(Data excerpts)
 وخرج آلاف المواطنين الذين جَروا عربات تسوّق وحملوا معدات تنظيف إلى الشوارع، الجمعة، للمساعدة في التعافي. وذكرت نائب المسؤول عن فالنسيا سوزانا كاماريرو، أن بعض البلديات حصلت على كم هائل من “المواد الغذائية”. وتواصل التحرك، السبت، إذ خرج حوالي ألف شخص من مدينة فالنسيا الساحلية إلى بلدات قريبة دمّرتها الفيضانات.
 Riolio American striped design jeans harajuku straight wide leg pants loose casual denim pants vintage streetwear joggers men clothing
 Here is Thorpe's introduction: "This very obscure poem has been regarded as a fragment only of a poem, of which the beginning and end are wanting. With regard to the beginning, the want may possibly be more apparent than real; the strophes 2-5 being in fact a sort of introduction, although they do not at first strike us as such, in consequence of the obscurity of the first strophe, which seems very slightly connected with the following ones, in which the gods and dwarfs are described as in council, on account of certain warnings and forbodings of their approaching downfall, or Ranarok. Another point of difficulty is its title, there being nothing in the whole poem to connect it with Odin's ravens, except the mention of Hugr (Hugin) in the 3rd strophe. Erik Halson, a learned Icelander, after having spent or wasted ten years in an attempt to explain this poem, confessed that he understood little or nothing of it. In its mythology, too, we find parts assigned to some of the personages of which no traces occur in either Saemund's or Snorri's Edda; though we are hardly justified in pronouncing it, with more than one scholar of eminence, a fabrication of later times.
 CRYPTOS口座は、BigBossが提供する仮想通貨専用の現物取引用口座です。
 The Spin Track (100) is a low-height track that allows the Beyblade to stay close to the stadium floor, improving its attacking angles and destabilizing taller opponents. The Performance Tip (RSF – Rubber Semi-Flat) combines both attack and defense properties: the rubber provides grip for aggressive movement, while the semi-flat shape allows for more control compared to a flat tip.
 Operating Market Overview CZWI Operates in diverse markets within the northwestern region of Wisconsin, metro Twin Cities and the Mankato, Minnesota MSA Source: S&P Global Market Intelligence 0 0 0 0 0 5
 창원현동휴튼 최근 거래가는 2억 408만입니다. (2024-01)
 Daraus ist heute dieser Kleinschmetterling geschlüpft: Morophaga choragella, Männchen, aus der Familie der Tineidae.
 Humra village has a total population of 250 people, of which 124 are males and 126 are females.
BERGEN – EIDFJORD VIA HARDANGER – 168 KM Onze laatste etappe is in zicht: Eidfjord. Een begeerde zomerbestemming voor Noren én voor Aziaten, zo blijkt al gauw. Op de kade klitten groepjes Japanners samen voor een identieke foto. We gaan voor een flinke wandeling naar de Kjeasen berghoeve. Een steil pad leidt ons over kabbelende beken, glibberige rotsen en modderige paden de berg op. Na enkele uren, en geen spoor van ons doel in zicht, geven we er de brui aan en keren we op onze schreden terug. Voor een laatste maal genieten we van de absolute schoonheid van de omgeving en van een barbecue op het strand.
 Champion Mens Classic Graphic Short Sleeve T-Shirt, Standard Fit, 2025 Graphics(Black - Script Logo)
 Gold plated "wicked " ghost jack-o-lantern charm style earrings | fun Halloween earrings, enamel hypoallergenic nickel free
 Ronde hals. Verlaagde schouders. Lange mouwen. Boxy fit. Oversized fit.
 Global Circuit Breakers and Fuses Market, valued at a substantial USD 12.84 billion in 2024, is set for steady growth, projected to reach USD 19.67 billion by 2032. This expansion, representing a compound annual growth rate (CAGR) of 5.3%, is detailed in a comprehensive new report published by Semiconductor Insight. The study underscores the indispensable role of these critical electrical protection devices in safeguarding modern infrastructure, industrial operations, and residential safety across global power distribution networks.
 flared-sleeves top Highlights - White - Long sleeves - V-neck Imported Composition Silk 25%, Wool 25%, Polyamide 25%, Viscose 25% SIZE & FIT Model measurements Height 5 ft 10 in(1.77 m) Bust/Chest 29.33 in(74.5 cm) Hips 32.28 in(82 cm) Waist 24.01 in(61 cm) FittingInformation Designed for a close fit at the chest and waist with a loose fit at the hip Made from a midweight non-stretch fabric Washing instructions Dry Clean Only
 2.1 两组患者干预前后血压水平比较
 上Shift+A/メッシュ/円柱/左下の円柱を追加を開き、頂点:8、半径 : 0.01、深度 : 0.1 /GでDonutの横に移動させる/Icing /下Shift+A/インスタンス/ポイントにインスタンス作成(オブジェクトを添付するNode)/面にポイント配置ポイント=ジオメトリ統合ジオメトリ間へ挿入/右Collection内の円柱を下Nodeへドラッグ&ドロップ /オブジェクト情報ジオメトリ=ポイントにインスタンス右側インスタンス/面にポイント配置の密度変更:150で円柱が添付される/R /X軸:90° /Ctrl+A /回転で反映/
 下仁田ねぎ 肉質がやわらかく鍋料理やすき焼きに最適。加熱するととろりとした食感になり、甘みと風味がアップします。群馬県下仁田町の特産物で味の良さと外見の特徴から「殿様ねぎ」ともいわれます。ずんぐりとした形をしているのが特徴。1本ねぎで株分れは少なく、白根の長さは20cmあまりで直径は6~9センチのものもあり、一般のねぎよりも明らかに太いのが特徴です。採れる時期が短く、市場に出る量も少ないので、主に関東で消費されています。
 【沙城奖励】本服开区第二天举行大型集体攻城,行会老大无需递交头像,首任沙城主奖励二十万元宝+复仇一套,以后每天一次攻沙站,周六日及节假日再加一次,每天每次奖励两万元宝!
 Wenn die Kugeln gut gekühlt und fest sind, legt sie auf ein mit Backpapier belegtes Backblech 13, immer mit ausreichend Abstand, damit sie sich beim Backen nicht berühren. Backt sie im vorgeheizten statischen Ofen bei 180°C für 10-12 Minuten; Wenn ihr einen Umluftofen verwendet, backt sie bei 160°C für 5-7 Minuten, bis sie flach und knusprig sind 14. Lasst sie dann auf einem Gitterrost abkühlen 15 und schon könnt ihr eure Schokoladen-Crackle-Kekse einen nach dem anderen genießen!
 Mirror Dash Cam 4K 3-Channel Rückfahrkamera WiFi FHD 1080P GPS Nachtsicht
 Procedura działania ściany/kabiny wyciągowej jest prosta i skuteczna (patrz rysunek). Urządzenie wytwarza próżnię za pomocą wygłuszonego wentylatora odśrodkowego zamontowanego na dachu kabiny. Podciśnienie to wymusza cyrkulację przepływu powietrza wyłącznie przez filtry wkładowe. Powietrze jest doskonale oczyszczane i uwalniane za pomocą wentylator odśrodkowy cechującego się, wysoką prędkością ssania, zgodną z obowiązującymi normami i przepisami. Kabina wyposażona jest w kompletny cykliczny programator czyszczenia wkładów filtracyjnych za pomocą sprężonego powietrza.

What you should do: Each line above that has the word "Global" should be copied.

Solution to this task:
 Operating Market Overview CZWI Operates in diverse markets within the northwestern region of Wisconsin, metro Twin Cities and the Mankato, Minnesota MSA Source: S&P Global Market Intelligence 0 0 0 0 0 5
 Global Circuit Breakers and Fuses Market, valued at a substantial USD 12.84 billion in 2024, is set for steady growth, projected to reach USD 19.67 billion by 2032. This expansion, representing a compound annual growth rate (CAGR) of 5.3%, is detailed in a comprehensive new report published by Semiconductor Insight. The study underscores the indispensable role of these critical electrical protection devices in safeguarding modern infrastructure, industrial operations, and residential safety across global power distribution networks.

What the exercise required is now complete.